Belly fat. It’s stubborn and hard to lose. The pinchable fat that lies on the surface can cause physical and mental discomfort. It may even lead to a lack of confidence. Worse, when you look at the deep-down visceral fat that can surround the organs, it’s one of the deadliest forms of fat. What are the best ways to lose belly fat? Does reducing sugar intake reduce belly fat?

Let’s take a look at what sugar does to the body to find out.

Sugar, Belly Fat, and Other Side Effects

Indeed, sugar intake and belly fat are often linked. And one of the biggest benefits of reducing sugar intake is losing belly fat. Why?

Because sugar can lead to increased inflammation and stress on the body. As a result, the body stores excess calories as fat around the belly.

What’s more, when we eat sugar (and other refined carbohydrates), it’s quickly absorbed and shuttled into the bloodstream. The body then responds by increasing insulin levels to help shuttle sugar into cells to prevent it from damaging blood vessels and organs.

Sugar has been found to have uniquely harmful effects when it comes to metabolic health. For example, it increases the risk of nonalcoholic fatty liver disease and metabolic syndrome, which increases the risk for obesity and diabetes. 1

Finally, when the liver is overloaded with fructose (sugar is half glucose and half fructose), it’s forced to turn those calories into fat for storage. 2 Liquid sugars (i.e., sodas, juices, and other sweetened beverages) appear to be the worst offenders.

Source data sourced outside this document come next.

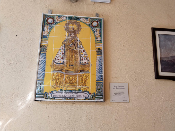 En Montijo hay al menos diez retablos cerámicos de la Virgen de Guadalupe como éste, el de la Comunidad de Labradores, Ermita de Jesús, Convento de las Clarisas y en domicilios particulares.
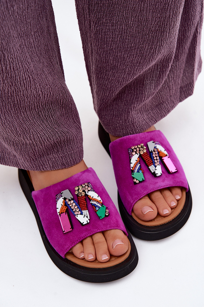 Pelle Pantofole da donna in pelle scamosciata con ornamenti con una piattaforma Vinceza 66942 colore rosa
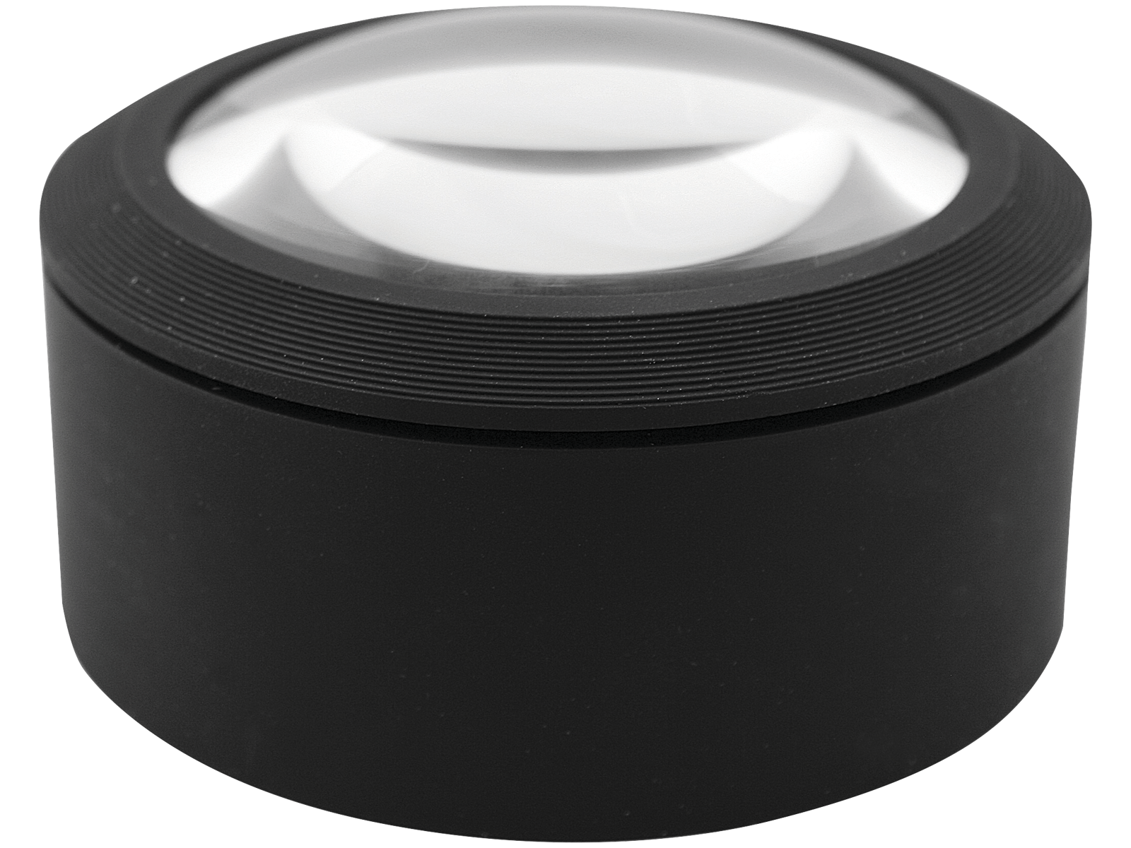 Compact magnifier stand with 3xLED light. With glass Ø70 that magnifies 3.5X. Made of ABS plastic and glass lens.

Excess added sugar has other negative side effects from headaches to energy crashes to hormonal imbalances. Because sugar increases inflammation by triggering insulin spikes, it can also lead to skin breakouts.

Consuming too much sugar can also disrupt sleep quality by reducing slow-wave sleep. This is the restorative sleep that helps the mind consolidate memories and catalog new information. Sugar can also negatively affect dream sleep (i.e., REM) and cause you to wake up throughout the night.

Will I Lose Weight If I Stop Eating Sugar?

Losing weight—or fat—takes a well-rounded lifestyle approach. That includes eating a healthy diet, moving your body regularly, staying hydrated, getting enough sleep, and ensuring a calorie deficit of around 300 to 500 calories per day.

Refined carbs, like sugar, are calorie dense but they provide little to no actual nutrition. And if you’re eating those calories, it can also mean you’re not eating the foods that will fill you up and help you lose weight. For example, protein, fiber, and healthy fats can all help you feel full for longer, making it easier to eat less calories. Sugar, especially when it’s in the form of a drink, on the other hand, can actually boost appetite. This is because sugar increases insulin levels in the blood. And high levels of insulin then block leptin signals. Leptin is the hormone that tells the brain “I’m full.” And if you aren’t getting the message that you’ve eaten enough, then you’re more likely to continue eating the sweets as you’re still hungry.

Does Reducing Sugar Intake Reduce Belly Fat

Where Sugar Hides

You may think you’re not eating a lot of sugars if you aren’t adding spoon fulls to your coffee, drinking soda daily, or eating a lot of desserts. Unfortunately, though, sugar is hidden in a lot of foods. So, it can be hard to avoid. It also has a number of aliases, so you may be consuming sugar without even knowing it. Common names for sugar to look out for include:

  • Cane sugar (or juice)
  • Corn syrup (or sweetener)
  • High-fructose corn syrup (or HFCS)
  • Rice syrup
  • Beet juice concentrate
  • Molasses
  • Raw sugar
  • Turbinado sugar
  • Date sugar
  • Malt syrup
  • Dextrose
  • Fructose
  • Galactose
  • Glucose
  • Lactose
  • Maltose
  • Sucrose
  • Fruit juice concentration
  • And many more—there are at least 61 different names for sugars found on food labels 3

In fact, 74% of packaged foods contain added sugar. It’s even found in what most people consider savory foods like bread, pasta sauce, salad dressings, sauces, nut butters, ketchup, and many others. It’s also common on many foods that are considered “healthy,” such as yogurt, breakfast bars, high-fiber cereals, and dried fruit.

And while there’s no daily reference value of sugar, the American Heart Association recommends keeping added sugar under 6 teaspoons (25 grams) per day for women and under 9 teaspoons (38 grams) per day for men.

Refined Sugars vs. Natural Sugars

Of course, it’s important to differentiate between natural sugars found in fruits, vegetables, and unsweetened milk. Refined sugars provide no nutritional value, but they’re high in calories. Natural sugars are found in many low-calorie foods (e.g., melons, berries, peaches, apples, and grapefruit) while providing an abundance of vitamins and minerals as well as fiber and other nutrients.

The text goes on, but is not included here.